Reproduce each record below in full, word for word, without images.

======== Data listing

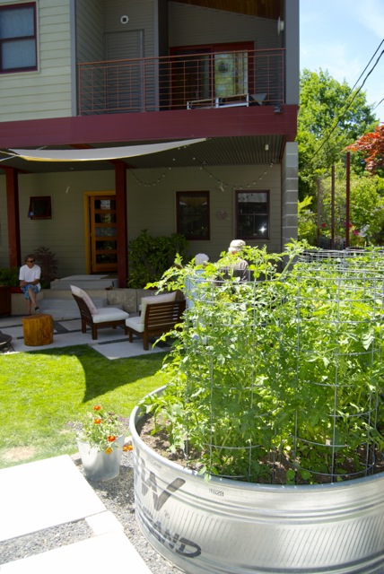 In keeping with current trends, this outdoor space is not only a place to relax, it is productive and bountiful.  Look at this awesome raised veggie plot!  These gardeners know how to get an early start on the edible season.  I’m sure this soil begins to warm quickly in the spring.
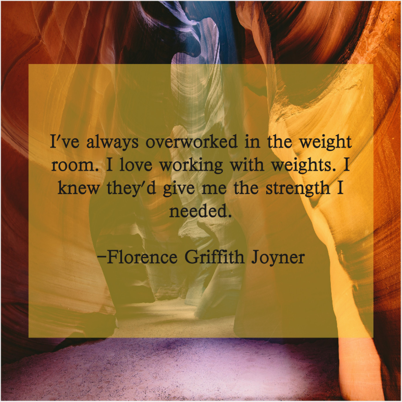 Florence Griffith Joyner Florence Griffith Joyner – I’ve always overworked in the… December 5, 2018 admin “I’ve always overworked in the weight room. I love working with weights. I knew they’d give me the strength I needed.”-Florence Griffith Joyner
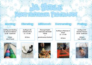 Im Nordkreis des Weimarer Landes befindet sich im Herzen von Berlstedt der Jugendclub JC-Berle. JC-Berle hat bereits sehr viele Jahre Bestand und wird seit 2018 vom Team Jugendarbeit Weimar betreut. Im JC-Berle können Kinder und Jugendliche im Alter von 10 – 21 Jahren ihre Freizeit verbringen und gestalten. Neben den täglichen Angeboten wie Dart, Kickern, Brettspiele, Quatschen oder Chillen finden auch regelmäßige Ausflüge,  Ferienfreizeiten u.v.m. statt. Wir freuen uns über euren Besuch und haben immer ein offenes Ohr für eure Wünsche, Anregungen und Bedarfe.
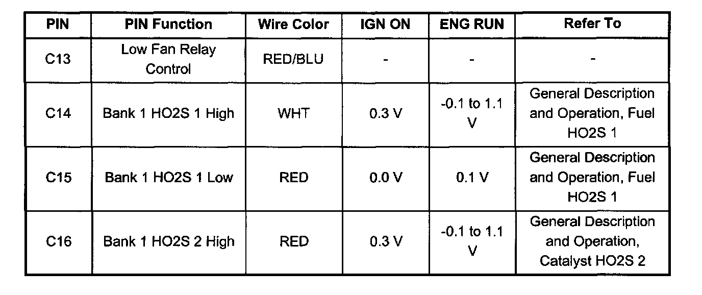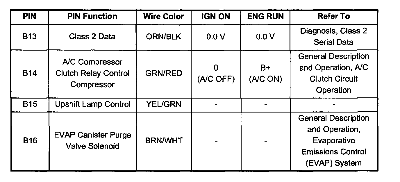 PCM Pinout Table, 32-Pin Red Connector - Row "B" ( Pin B13 - B16):
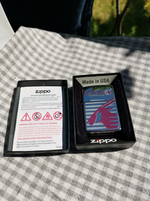 Prodajem novi Zippo upaljač sa logom avio kompanije Qatar Airways, kupljen na aerodromu u Dohi. Bez plina.
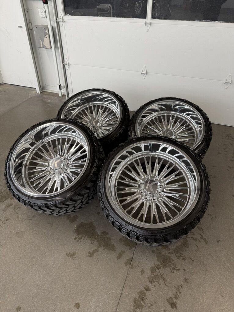 ApplePayBRAND NEW LESS THEN 1,000 MILES 26x14 KG1 forged “allure” Billet floating caps 35x13.50r26 venom m/t tires
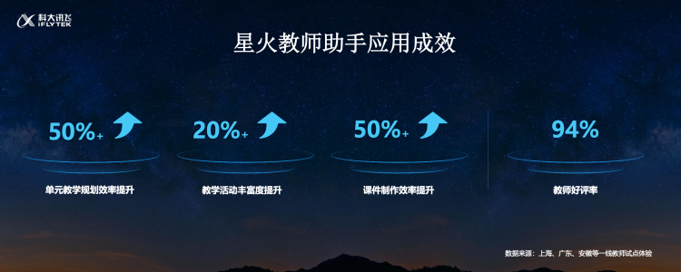 刘庆峰表示,在上海、广东、安徽等一线教师试点体验后,结果显示星火教师助手可以提升 50% 以上的单元教学规划和课件制作效率,教学活动丰富度也提升了 20% 以上。
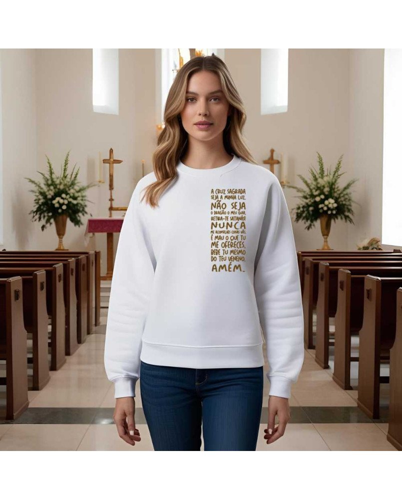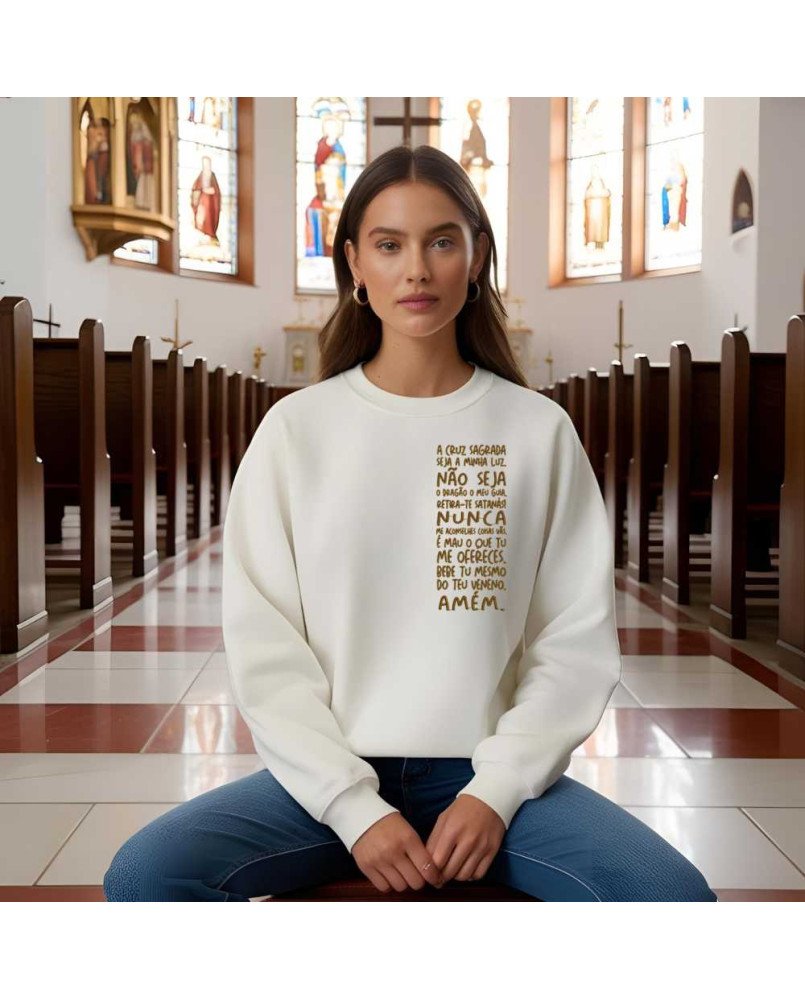 Vista sua fé e leve consigo uma mensagem de confiança em Deus e na vida. Nosso casaco de moletom bordado moda cristã católica traz o lindo escudo da medalha de São Bento juntamente com a sua oração de proteção: " A cruz sagrada seja a minha luz, Não seja o dragão o meu guia. Retira-te satanás! Nunca me aconselhes coisas vãs. É mau o que tu me ofereces. Bebe tu mesmo do teu veneno. Amém! "

================

## Response to the task:
 In keeping with current trends, this outdoor space is not only a place to relax, it is productive and bountiful.  Look at this awesome raised veggie plot!  These gardeners know how to get an early start on the edible season.  I’m sure this soil begins to warm quickly in the spring.
 Florence Griffith Joyner Florence Griffith Joyner – I’ve always overworked in the… December 5, 2018 admin “I’ve always overworked in the weight room. I love working with weights. I knew they’d give me the strength I needed.”-Florence Griffith Joyner
 Im Nordkreis des Weimarer Landes befindet sich im Herzen von Berlstedt der Jugendclub JC-Berle. JC-Berle hat bereits sehr viele Jahre Bestand und wird seit 2018 vom Team Jugendarbeit Weimar betreut. Im JC-Berle können Kinder und Jugendliche im Alter von 10 – 21 Jahren ihre Freizeit verbringen und gestalten. Neben den täglichen Angeboten wie Dart, Kickern, Brettspiele, Quatschen oder Chillen finden auch regelmäßige Ausflüge,  Ferienfreizeiten u.v.m. statt. Wir freuen uns über euren Besuch und haben immer ein offenes Ohr für eure Wünsche, Anregungen und Bedarfe.
 PCM Pinout Table, 32-Pin Red Connector - Row "B" ( Pin B13 - B16):
 Prodajem novi Zippo upaljač sa logom avio kompanije Qatar Airways, kupljen na aerodromu u Dohi. Bez plina.
 ApplePayBRAND NEW LESS THEN 1,000 MILES 26x14 KG1 forged “allure” Billet floating caps 35x13.50r26 venom m/t tires
 刘庆峰表示,在上海、广东、安徽等一线教师试点体验后,结果显示星火教师助手可以提升 50% 以上的单元教学规划和课件制作效率,教学活动丰富度也提升了 20% 以上。
 Vista sua fé e leve consigo uma mensagem de confiança em Deus e na vida. Nosso casaco de moletom bordado moda cristã católica traz o lindo escudo da medalha de São Bento juntamente com a sua oração de proteção: " A cruz sagrada seja a minha luz, Não seja o dragão o meu guia. Retira-te satanás! Nunca me aconselhes coisas vãs. É mau o que tu me ofereces. Bebe tu mesmo do teu veneno. Amém! "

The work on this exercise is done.